Why prototype LLM integrations are fragile
Generalist tools produce LLM integrations that mirror the SDK examples. The example code calls the API, returns the result, and ends there because that is what the SDK example demonstrates. The example is correct as a starter; it is not the integration that survives contact with real traffic. The first time the provider has elevated latency, the prototype's request hangs. The first time the provider returns a 5xx, the prototype propagates the error to the user. The first time a user enters a prompt similar to one already cached, the prototype pays for the call again. None of these are subtle bugs; they are the standard production concerns that the prototype skipped.
The other failure mode is cost. LLM calls are not free, and a feature without token budgets can be turned into an attack vector with very little effort. A user who discovers that a prompt-injection bypasses content filters and produces large outputs can rack up significant cost on the team's account before the team notices. A bug that causes a route to call the LLM in a tight loop can produce the same outcome by accident. The discipline of token budgets and rate limits is the discipline of bounding the worst case, and it is exactly what the prototype omits because the demo did not need it.
What a production LLM integration requires
A production-grade integration has six layers. First, the API client with retry: exponential backoff on retryable errors (5xx, 429), no retry on non-retryable (4xx other than 429), with a maximum retry count and a maximum total wait. Second, streaming response support so the user sees tokens as they are generated, with the option to abort if the request is canceled client-side. Third, semantic cache: an embedding-based cache that returns prior responses for queries similar enough to satisfy the use case, with a similarity threshold tuned to the task. Fourth, fallback provider configuration: a second provider that takes over when the primary fails, with the prompt format normalized so the fallback works without rewrites. Fifth, token budget enforcement: a per-user daily limit, a per-request limit, and a hard ceiling that triggers an alert before the team's bill ramps. Sixth, rate limiting per identity: a request-rate limit so a single user cannot dominate the queue.
Each layer is small on its own and considerable in aggregate. The integration that has all six is the one that the team can leave running over a holiday weekend without losing sleep. The integration that has none of them is the one that produces the postmortem. The discipline of including all six is what /cortex-integrate makes routine, by treating the integration as the artifact rather than the SDK call.
How /cortex-integrate works
Step one: detect the stack and provider
Before generating any code, /cortex-integrate reads the project to detect the language, the framework, and any existing AI provider integration. The detection drives the output: a Next.js project gets the AI SDK pattern, a FastAPI project gets the Python equivalent, an existing Anthropic SDK integration is extended rather than replaced.
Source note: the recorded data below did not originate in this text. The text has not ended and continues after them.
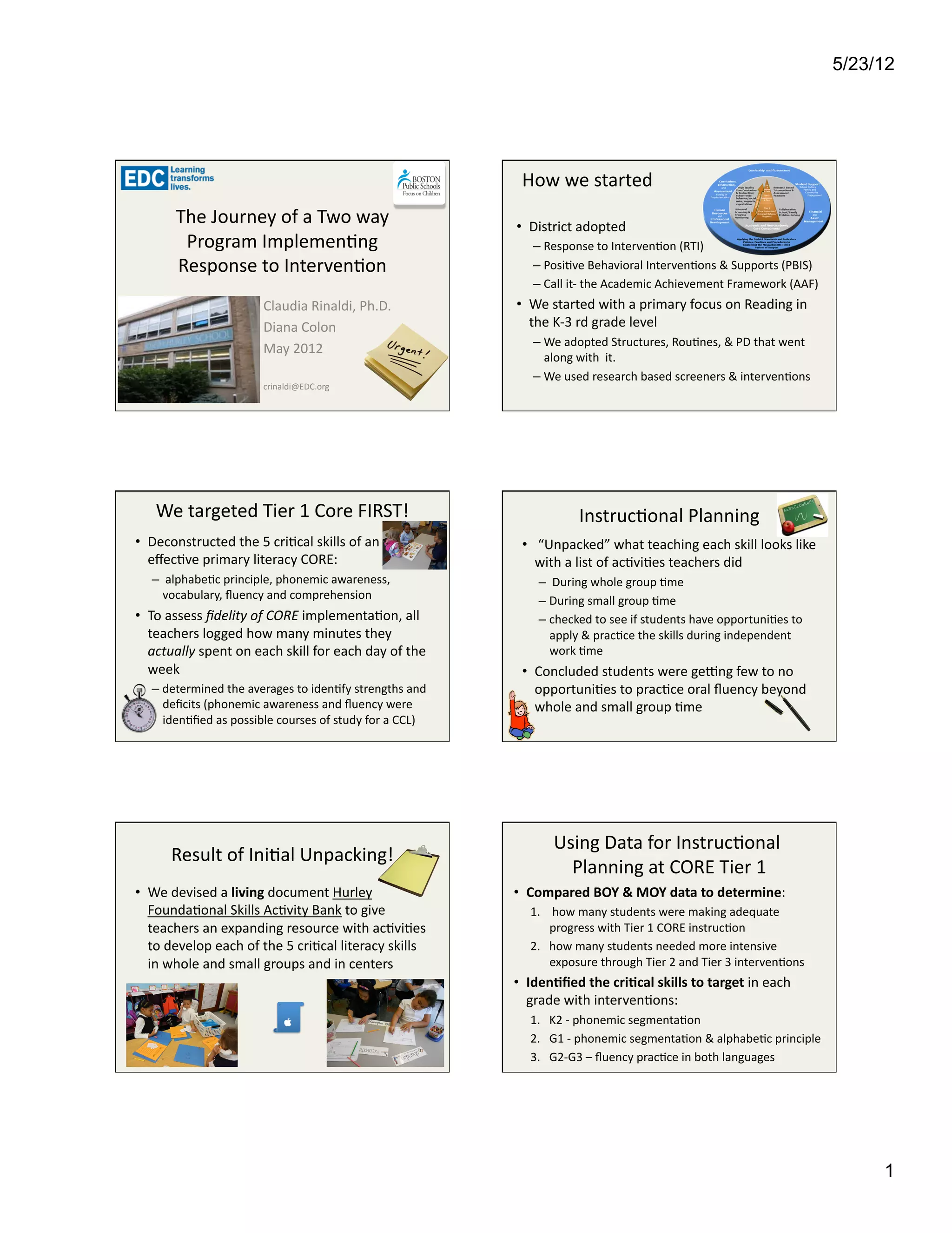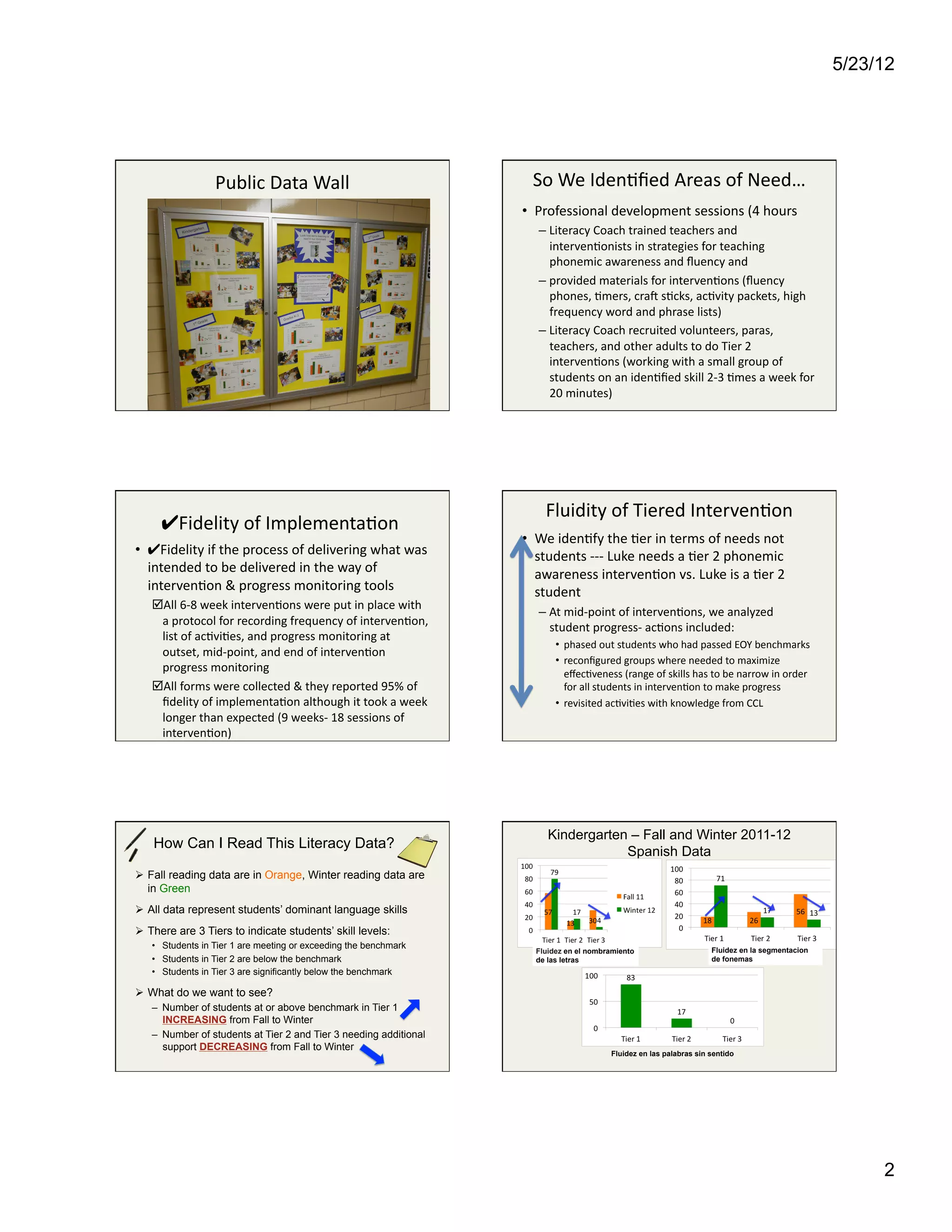 The document outlines the implementation of a two-way intervention program focusing on literacy, specifically in K-3 education, utilizing research-based strategies and tools. It involves targeting critical literacy skills, assessing student progress, and using data to drive instructional planning and intervention effectiveness. Various strategies, including professional development and the PALS peer-assisted learning system, were introduced to improve reading fluency and comprehension among students.
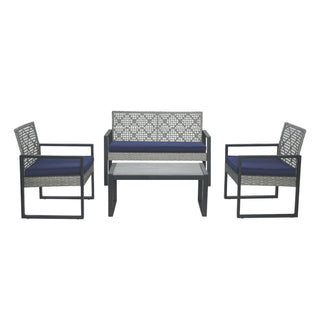 4 Piece Patio Furniture Set With Acacia Wood Table Top And Cushions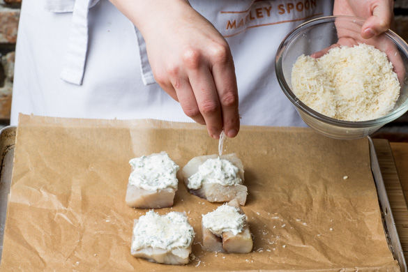 Ca. die 1/2 der Kräutercreme auf dem Fisch verstreichen, den Rest für später beiseitestellen. Die Panko-Käse-Mischung großzügig über die Kräutercreme streuen.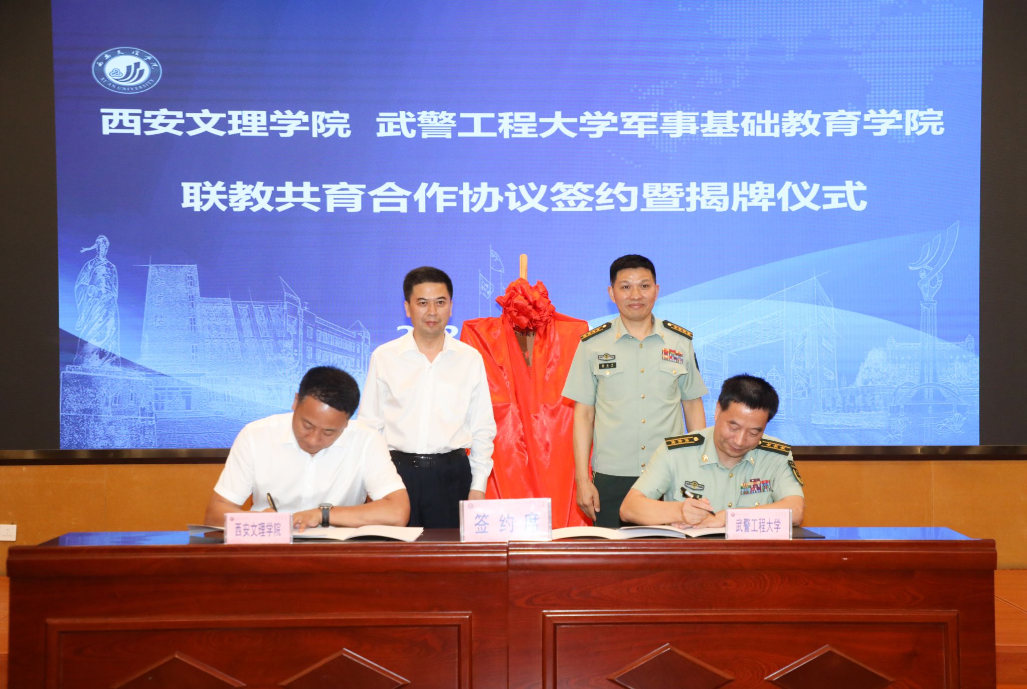 会上,双方签订了《武警工程大学军事基础教育学院 ac米兰官方网站联教共育合作协议》,学校相关职能部门、学院负责人参加。

The provider preference defaults to Vercel AI Gateway with provider-prefixed model strings, falling back to direct provider SDKs when the project uses them, and never assumes a specific vendor without checking.
Step two: wrap the call with retry and streaming
The integration wraps the LLM call with retry logic (exponential backoff on retryable errors, max 3 retries, jitter) and streaming response handling. Streaming is the default for any user-facing route because the perceived latency improvement is meaningful. The wrapper also handles client-side cancellation: if the user aborts, the wrapper aborts the upstream call rather than letting it complete and waste tokens.
Step three: semantic cache and fallback
The semantic cache is configured against the project's existing cache layer (Redis if available, otherwise the cache that the framework provides). The cache key is an embedding of the prompt; lookups use cosine similarity with a configurable threshold. The fallback provider is configured for graceful degradation: if the primary provider is unhealthy, the wrapper switches to the fallback for the duration of the outage. The prompt format is normalized so both providers receive equivalent input; the response format is normalized so the application sees the same shape regardless of which provider answered.
Step four: token budget and rate limit
Token budgets are enforced per user (daily limit, configurable), per request (max input plus output, calibrated to the task), and globally (a hard ceiling that triggers an alert). Rate limiting is per identity: a request-rate limit per user so a single user cannot saturate the queue. Both budgets and rate limits are surfaced as 429 responses to the client with the right headers (Retry-After, X-RateLimit-Remaining), so the client can back off without a redesign.
The prompt-injection vector that turns into a cost attack is real and underestimated. /cortex-integrate sets a hard per-request output ceiling so a malicious prompt cannot generate a 100k-token completion. The ceiling is calibrated to the task and surfaced as a configurable parameter.
Tonone's /cortex-integrate skill wraps LLM calls with the layers that make integrations production-ready: retry, streaming, semantic cache, fallback provider, token budgets, rate limits.
When to use /cortex-integrate, and when not to
/cortex-integrate is the right call when adding an LLM-powered feature to an existing product or when an existing prototype needs to be hardened to production standards. The signal is when the integration is missing any of the six layers (no caching, no fallback, no rate limit, no token budget, no streaming, no retry) and the feature is going to a real user. The skill is also the right call when an existing integration is expensive or unreliable; the diagnostic step identifies which layer is missing or misconfigured.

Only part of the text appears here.